──────── Provided material ────────

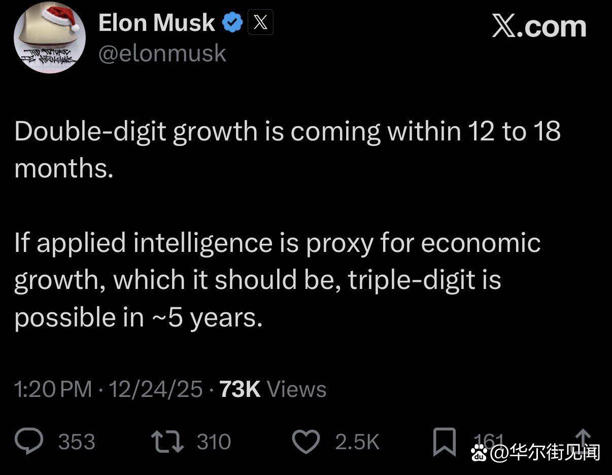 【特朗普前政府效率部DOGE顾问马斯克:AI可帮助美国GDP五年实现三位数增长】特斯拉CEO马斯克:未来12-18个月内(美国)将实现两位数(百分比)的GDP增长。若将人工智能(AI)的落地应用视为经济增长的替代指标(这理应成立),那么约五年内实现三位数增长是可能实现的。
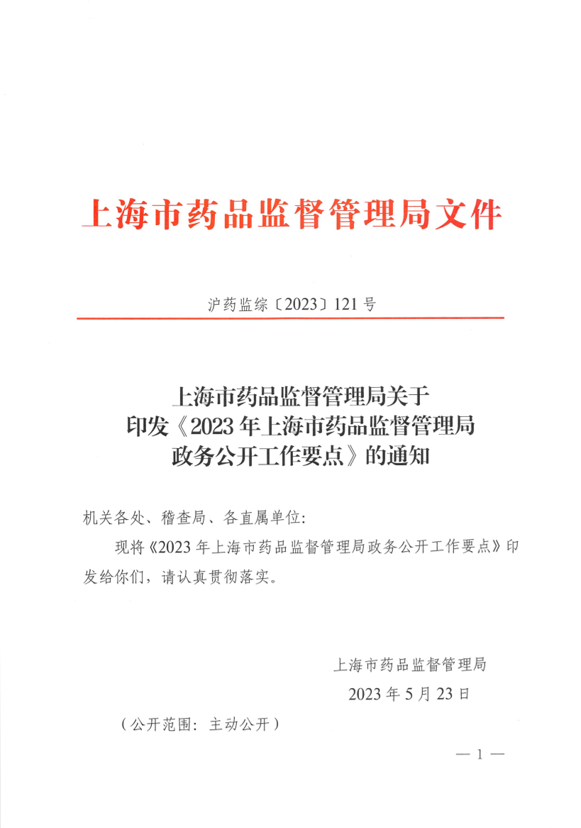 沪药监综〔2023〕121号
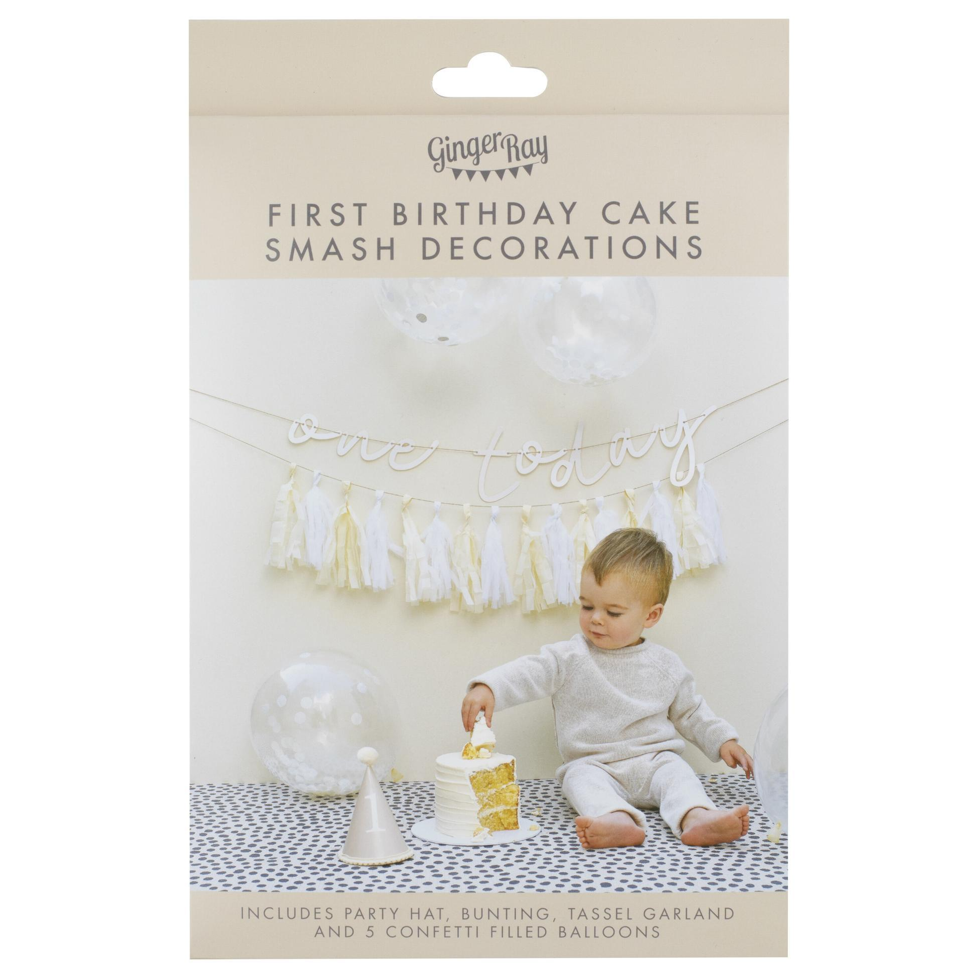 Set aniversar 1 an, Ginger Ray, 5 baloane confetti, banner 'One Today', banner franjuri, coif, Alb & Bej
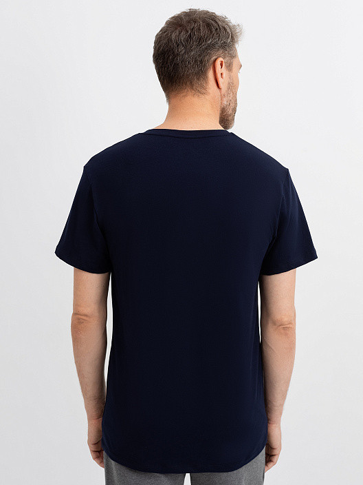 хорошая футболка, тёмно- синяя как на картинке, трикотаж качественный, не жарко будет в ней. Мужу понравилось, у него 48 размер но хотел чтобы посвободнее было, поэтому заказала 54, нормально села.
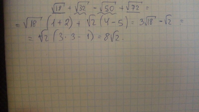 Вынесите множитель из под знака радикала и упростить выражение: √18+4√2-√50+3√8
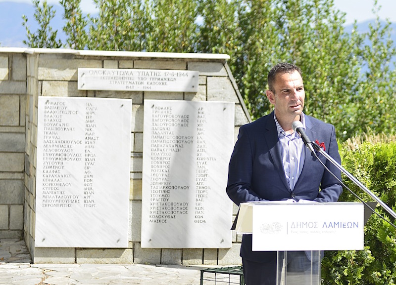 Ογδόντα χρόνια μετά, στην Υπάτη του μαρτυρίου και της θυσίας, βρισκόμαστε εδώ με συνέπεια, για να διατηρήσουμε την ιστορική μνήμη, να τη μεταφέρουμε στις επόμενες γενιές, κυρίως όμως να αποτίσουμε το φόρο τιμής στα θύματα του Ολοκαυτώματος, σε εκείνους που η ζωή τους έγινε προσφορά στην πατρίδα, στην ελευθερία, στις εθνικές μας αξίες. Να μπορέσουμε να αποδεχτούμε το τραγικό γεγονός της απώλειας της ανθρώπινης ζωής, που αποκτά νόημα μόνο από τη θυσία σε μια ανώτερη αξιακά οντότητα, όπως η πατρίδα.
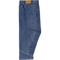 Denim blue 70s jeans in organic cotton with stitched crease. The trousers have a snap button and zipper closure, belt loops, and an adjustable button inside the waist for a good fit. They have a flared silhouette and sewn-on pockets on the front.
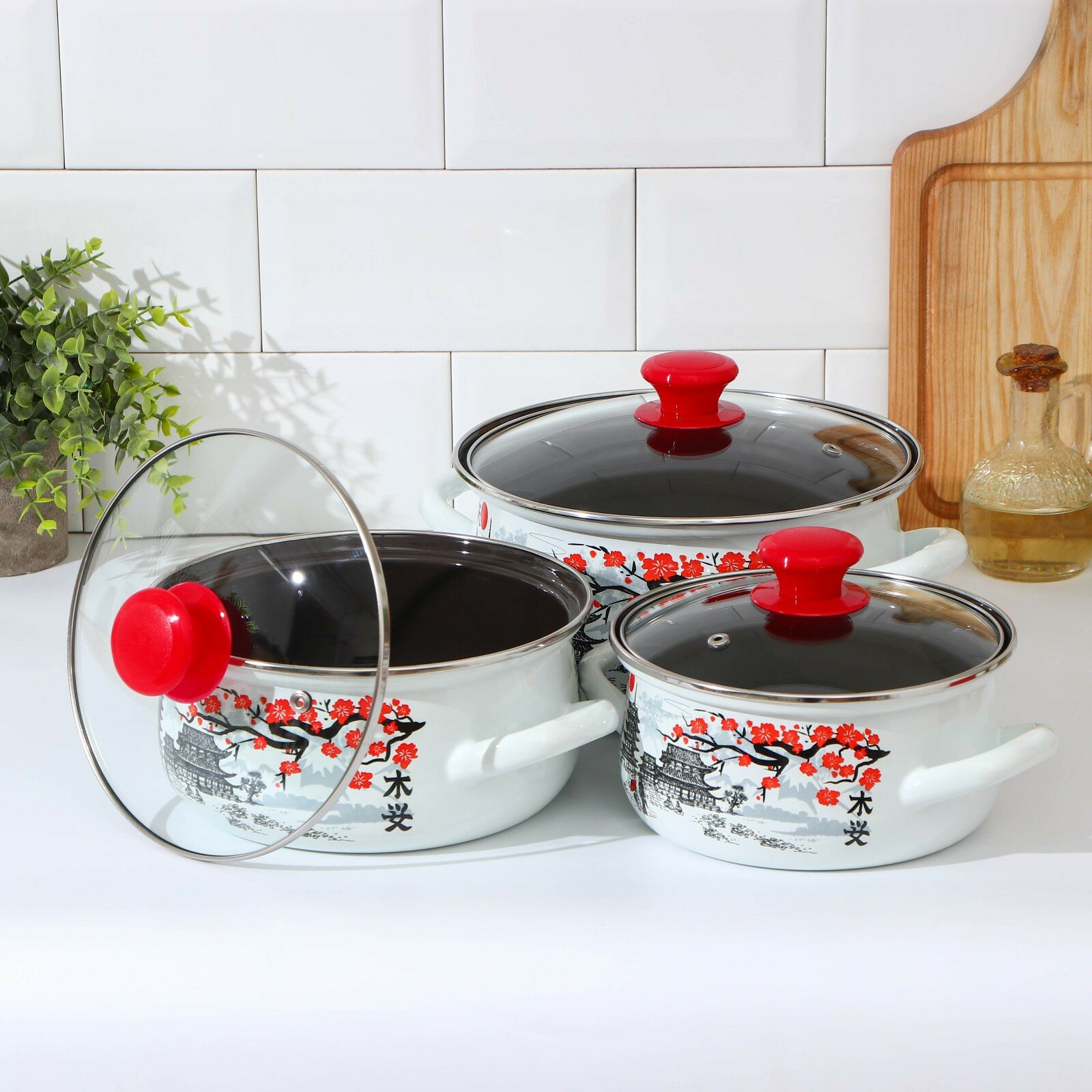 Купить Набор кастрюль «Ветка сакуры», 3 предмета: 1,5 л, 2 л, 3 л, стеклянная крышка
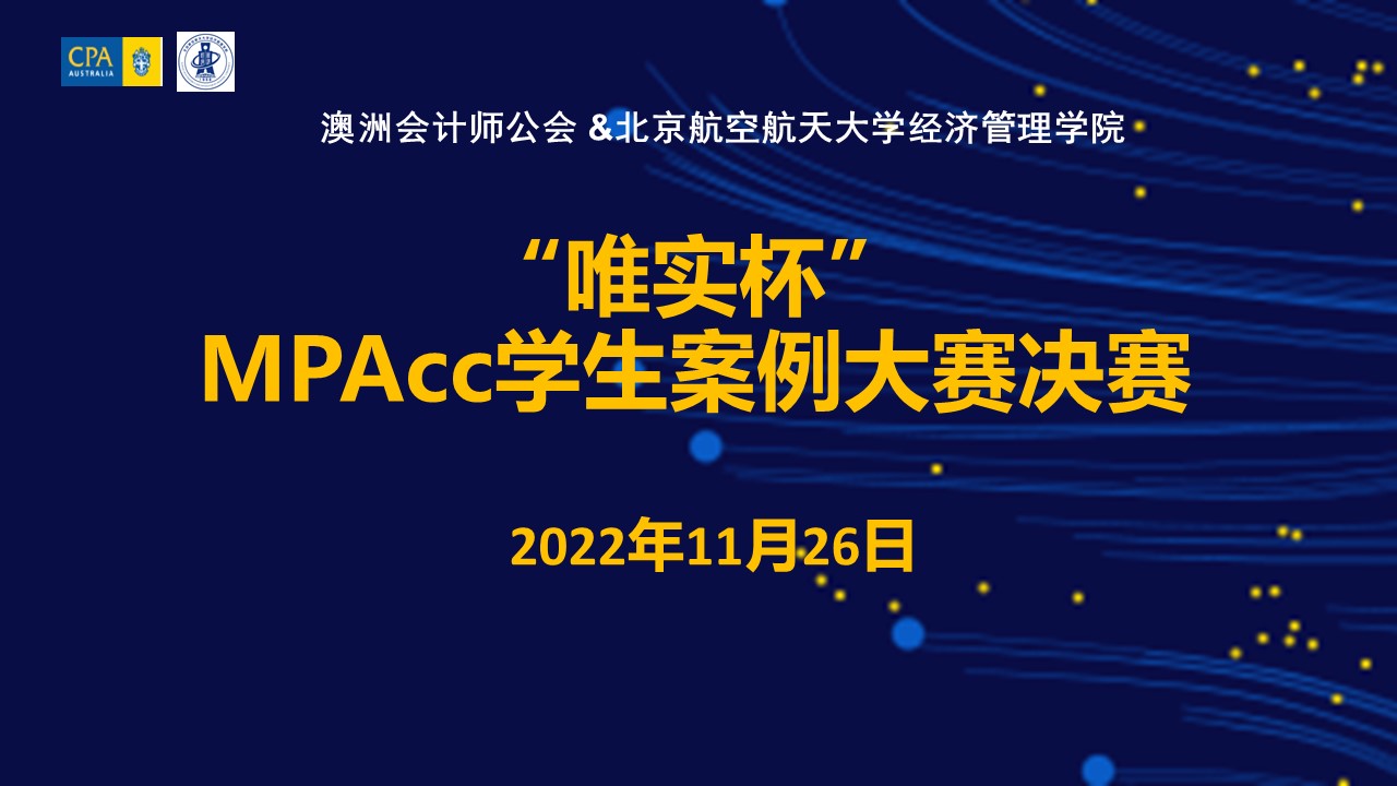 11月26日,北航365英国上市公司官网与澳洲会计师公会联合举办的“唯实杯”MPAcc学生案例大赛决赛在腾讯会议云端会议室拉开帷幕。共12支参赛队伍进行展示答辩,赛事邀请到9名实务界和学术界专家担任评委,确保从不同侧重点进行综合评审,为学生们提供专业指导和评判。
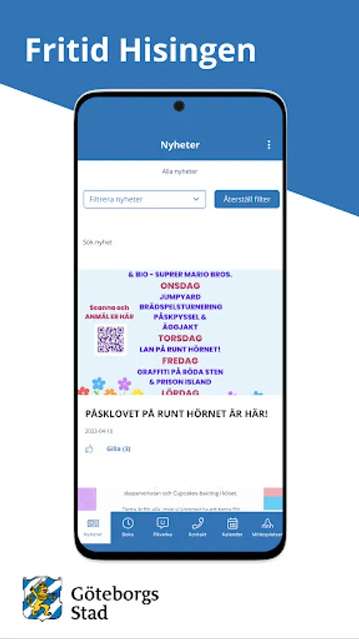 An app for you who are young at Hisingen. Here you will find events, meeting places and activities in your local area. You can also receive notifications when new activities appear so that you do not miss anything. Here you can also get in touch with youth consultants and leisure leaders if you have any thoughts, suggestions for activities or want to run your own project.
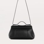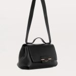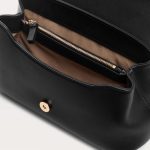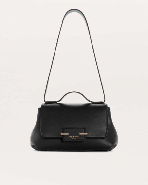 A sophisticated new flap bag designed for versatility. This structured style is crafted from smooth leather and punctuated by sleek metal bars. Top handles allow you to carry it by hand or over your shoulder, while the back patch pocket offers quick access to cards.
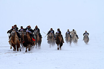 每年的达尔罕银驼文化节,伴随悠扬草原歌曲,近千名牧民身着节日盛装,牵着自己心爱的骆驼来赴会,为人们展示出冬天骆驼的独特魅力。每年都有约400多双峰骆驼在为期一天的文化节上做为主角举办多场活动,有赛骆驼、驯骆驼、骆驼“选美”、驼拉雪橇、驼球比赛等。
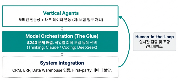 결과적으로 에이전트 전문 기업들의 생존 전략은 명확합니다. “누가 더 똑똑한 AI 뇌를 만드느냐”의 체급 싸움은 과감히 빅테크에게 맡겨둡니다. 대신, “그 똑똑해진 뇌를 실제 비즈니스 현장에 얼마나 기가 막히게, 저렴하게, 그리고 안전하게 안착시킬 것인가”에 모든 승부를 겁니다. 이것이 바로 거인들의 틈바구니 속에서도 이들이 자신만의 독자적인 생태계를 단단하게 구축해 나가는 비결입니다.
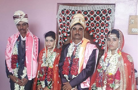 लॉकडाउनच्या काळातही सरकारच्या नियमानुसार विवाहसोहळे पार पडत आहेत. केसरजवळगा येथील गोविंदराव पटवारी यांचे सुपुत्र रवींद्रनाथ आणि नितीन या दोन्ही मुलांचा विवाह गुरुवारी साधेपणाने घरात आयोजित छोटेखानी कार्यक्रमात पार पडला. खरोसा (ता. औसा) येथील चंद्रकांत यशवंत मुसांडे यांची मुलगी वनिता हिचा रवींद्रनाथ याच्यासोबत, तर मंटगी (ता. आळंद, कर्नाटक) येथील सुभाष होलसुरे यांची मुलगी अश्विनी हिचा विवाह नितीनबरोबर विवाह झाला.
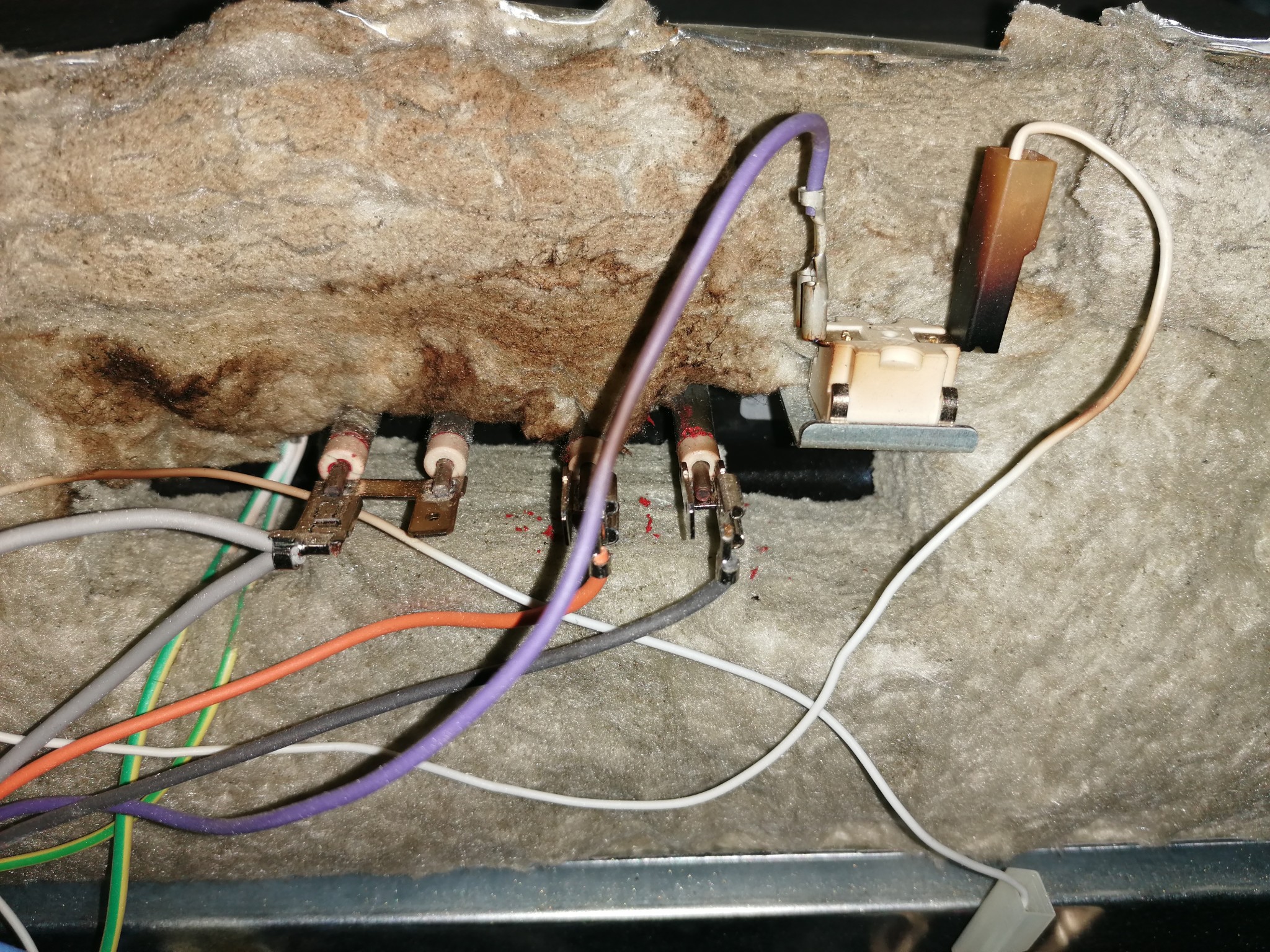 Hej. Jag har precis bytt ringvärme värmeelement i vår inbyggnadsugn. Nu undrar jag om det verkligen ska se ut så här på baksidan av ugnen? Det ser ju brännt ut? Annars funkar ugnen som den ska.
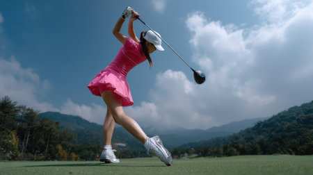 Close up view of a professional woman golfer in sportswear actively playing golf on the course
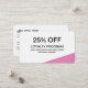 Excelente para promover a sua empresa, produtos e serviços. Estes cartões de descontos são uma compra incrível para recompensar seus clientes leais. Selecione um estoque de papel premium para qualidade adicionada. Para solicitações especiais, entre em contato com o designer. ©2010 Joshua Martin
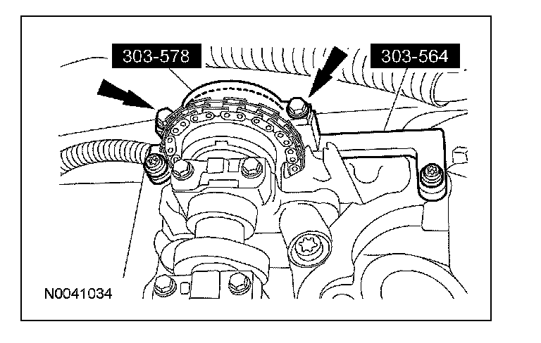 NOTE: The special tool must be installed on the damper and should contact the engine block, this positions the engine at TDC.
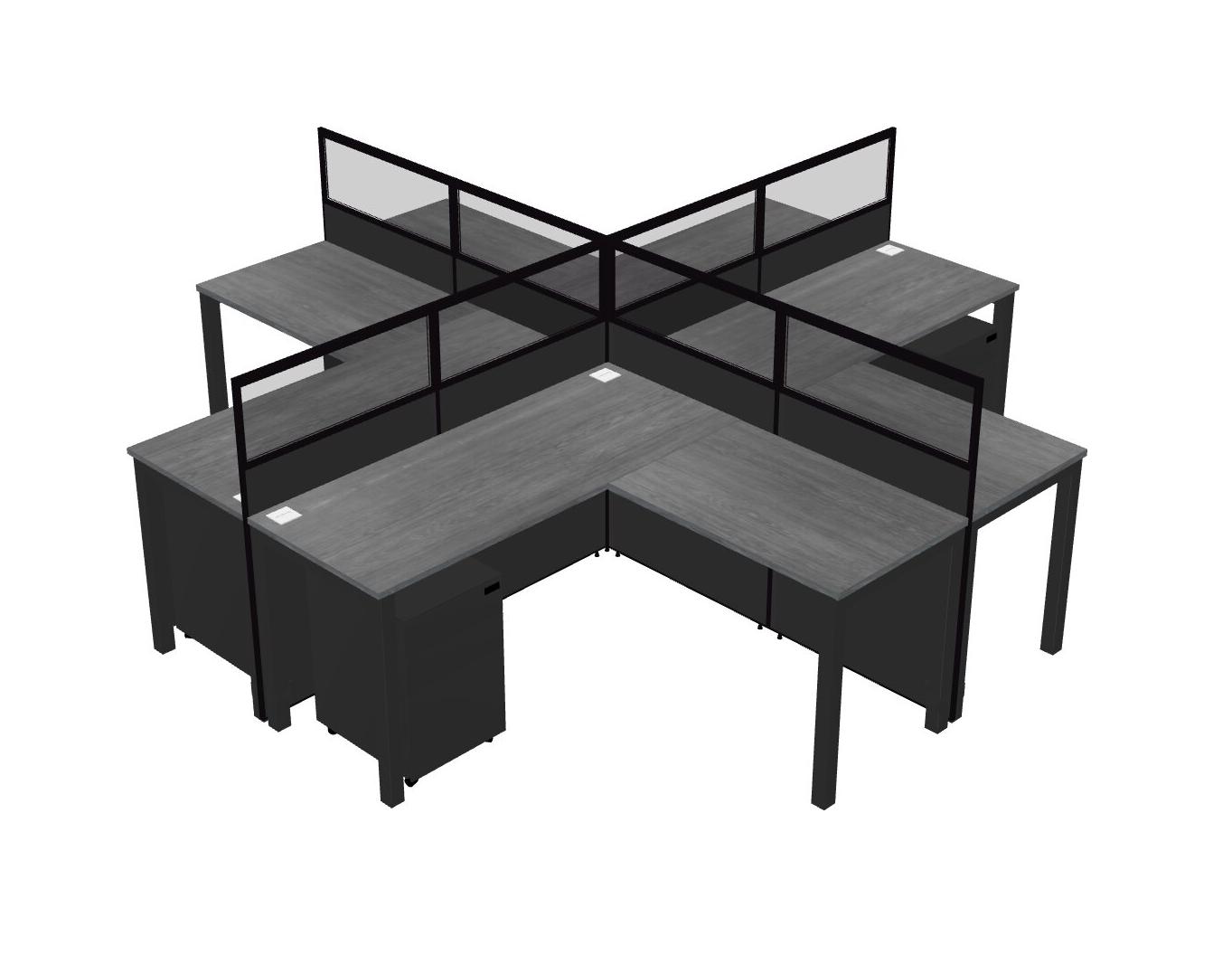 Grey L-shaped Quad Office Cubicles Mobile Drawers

────────

#### [Directions for this task]
Give every entry again verbatim, with no pictures.

#### [Response to this task]
 【特朗普前政府效率部DOGE顾问马斯克:AI可帮助美国GDP五年实现三位数增长】特斯拉CEO马斯克:未来12-18个月内(美国)将实现两位数(百分比)的GDP增长。若将人工智能(AI)的落地应用视为经济增长的替代指标(这理应成立),那么约五年内实现三位数增长是可能实现的。
 沪药监综〔2023〕121号
 Set aniversar 1 an, Ginger Ray, 5 baloane confetti, banner 'One Today', banner franjuri, coif, Alb & Bej
 хорошая футболка, тёмно- синяя как на картинке, трикотаж качественный, не жарко будет в ней. Мужу понравилось, у него 48 размер но хотел чтобы посвободнее было, поэтому заказала 54, нормально села.
 Вынесите множитель из под знака радикала и упростить выражение: √18+4√2-√50+3√8
 Ογδόντα χρόνια μετά, στην Υπάτη του μαρτυρίου και της θυσίας, βρισκόμαστε εδώ με συνέπεια, για να διατηρήσουμε την ιστορική μνήμη, να τη μεταφέρουμε στις επόμενες γενιές, κυρίως όμως να αποτίσουμε το φόρο τιμής στα θύματα του Ολοκαυτώματος, σε εκείνους που η ζωή τους έγινε προσφορά στην πατρίδα, στην ελευθερία, στις εθνικές μας αξίες. Να μπορέσουμε να αποδεχτούμε το τραγικό γεγονός της απώλειας της ανθρώπινης ζωής, που αποκτά νόημα μόνο από τη θυσία σε μια ανώτερη αξιακά οντότητα, όπως η πατρίδα.
 Denim blue 70s jeans in organic cotton with stitched crease. The trousers have a snap button and zipper closure, belt loops, and an adjustable button inside the waist for a good fit. They have a flared silhouette and sewn-on pockets on the front.
 Купить Набор кастрюль «Ветка сакуры», 3 предмета: 1,5 л, 2 л, 3 л, стеклянная крышка
 11月26日,北航365英国上市公司官网与澳洲会计师公会联合举办的“唯实杯”MPAcc学生案例大赛决赛在腾讯会议云端会议室拉开帷幕。共12支参赛队伍进行展示答辩,赛事邀请到9名实务界和学术界专家担任评委,确保从不同侧重点进行综合评审,为学生们提供专业指导和评判。
 An app for you who are young at Hisingen. Here you will find events, meeting places and activities in your local area. You can also receive notifications when new activities appear so that you do not miss anything. Here you can also get in touch with youth consultants and leisure leaders if you have any thoughts, suggestions for activities or want to run your own project.
 A sophisticated new flap bag designed for versatility. This structured style is crafted from smooth leather and punctuated by sleek metal bars. Top handles allow you to carry it by hand or over your shoulder, while the back patch pocket offers quick access to cards.
 每年的达尔罕银驼文化节,伴随悠扬草原歌曲,近千名牧民身着节日盛装,牵着自己心爱的骆驼来赴会,为人们展示出冬天骆驼的独特魅力。每年都有约400多双峰骆驼在为期一天的文化节上做为主角举办多场活动,有赛骆驼、驯骆驼、骆驼“选美”、驼拉雪橇、驼球比赛等。
 결과적으로 에이전트 전문 기업들의 생존 전략은 명확합니다. “누가 더 똑똑한 AI 뇌를 만드느냐”의 체급 싸움은 과감히 빅테크에게 맡겨둡니다. 대신, “그 똑똑해진 뇌를 실제 비즈니스 현장에 얼마나 기가 막히게, 저렴하게, 그리고 안전하게 안착시킬 것인가”에 모든 승부를 겁니다. 이것이 바로 거인들의 틈바구니 속에서도 이들이 자신만의 독자적인 생태계를 단단하게 구축해 나가는 비결입니다.
 लॉकडाउनच्या काळातही सरकारच्या नियमानुसार विवाहसोहळे पार पडत आहेत. केसरजवळगा येथील गोविंदराव पटवारी यांचे सुपुत्र रवींद्रनाथ आणि नितीन या दोन्ही मुलांचा विवाह गुरुवारी साधेपणाने घरात आयोजित छोटेखानी कार्यक्रमात पार पडला. खरोसा (ता. औसा) येथील चंद्रकांत यशवंत मुसांडे यांची मुलगी वनिता हिचा रवींद्रनाथ याच्यासोबत, तर मंटगी (ता. आळंद, कर्नाटक) येथील सुभाष होलसुरे यांची मुलगी अश्विनी हिचा विवाह नितीनबरोबर विवाह झाला.
 Hej. Jag har precis bytt ringvärme värmeelement i vår inbyggnadsugn. Nu undrar jag om det verkligen ska se ut så här på baksidan av ugnen? Det ser ju brännt ut? Annars funkar ugnen som den ska.
 Close up view of a professional woman golfer in sportswear actively playing golf on the course
 Excelente para promover a sua empresa, produtos e serviços. Estes cartões de descontos são uma compra incrível para recompensar seus clientes leais. Selecione um estoque de papel premium para qualidade adicionada. Para solicitações especiais, entre em contato com o designer. ©2010 Joshua Martin
 NOTE: The special tool must be installed on the damper and should contact the engine block, this positions the engine at TDC.
 Grey L-shaped Quad Office Cubicles Mobile Drawers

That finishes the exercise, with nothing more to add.